Korban alami sejumlah luka di tubuhnya akibat terkena benturan keras. Korban tewas ditempat.

"Dia lompat jatuhnya di mobil itu, avanza. Hancur itu kapnya ambles. Tangannya patah, mukanya hancur, iga dadanya renyek semua, kakinya juga. (jenazah) Di dalam mobil itu, ambles pas di setir-nya itu, kabin atasnya jebol," ucap Ijah.

Korban diketahui tinggal di unit apartemen berdua dengan istrinya. Dia tidak memiliki anak dari istrinya yang tinggal bersamanya saat ini.

"Sama yang sekarang tidak punya anak, jadi berdua doang. Istrinya sudah (usia) 50-an lebih, tidak ada anaknya. Tinggal berdua doang. Istrinya engga kerja, itu (korban) juga engga kerja," ujarnya.

Sementara unit apartemen itu terus dibayar korban secara sewa.

"Dia juga mikirin penyakitnya gak kunjung sembuh, stress kali jadinya," ucapnya.
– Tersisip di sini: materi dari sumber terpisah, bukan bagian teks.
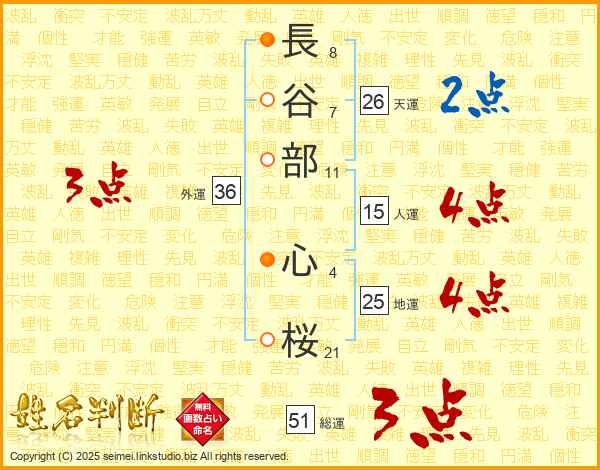 長(8画)谷(7画)部(11画) 心(4画)桜(21画)

Sementara aparat Kepolisian yang tiba di lokasi langsung melakukan cek TKP dan mengidentifikasi jenazah korban. Selanjutnya sekeliling mobil yang menjadi tempat pendaratan tubuh tersebut langsung dipasangi garis polisi.

Warga apartemen juga terus berkerumun untuk menyaksikan peristiwa itu. Proses evakuasi baru dilakukan sekitar pukul 17.00 WIB oleh tim INAFIS dari Polres Metro Jakarta Utara.

Ketika dievakuasi, darah terlihat mengucur deras dari area dahi lansia itu. Polisi langsung bergegas memasukan mayat ke kantong jenazah dan dibawa ke RSCM Jakarta Pusat menggunakan ambulan. Sementara kasusnya ditangani Polsek Pademangan.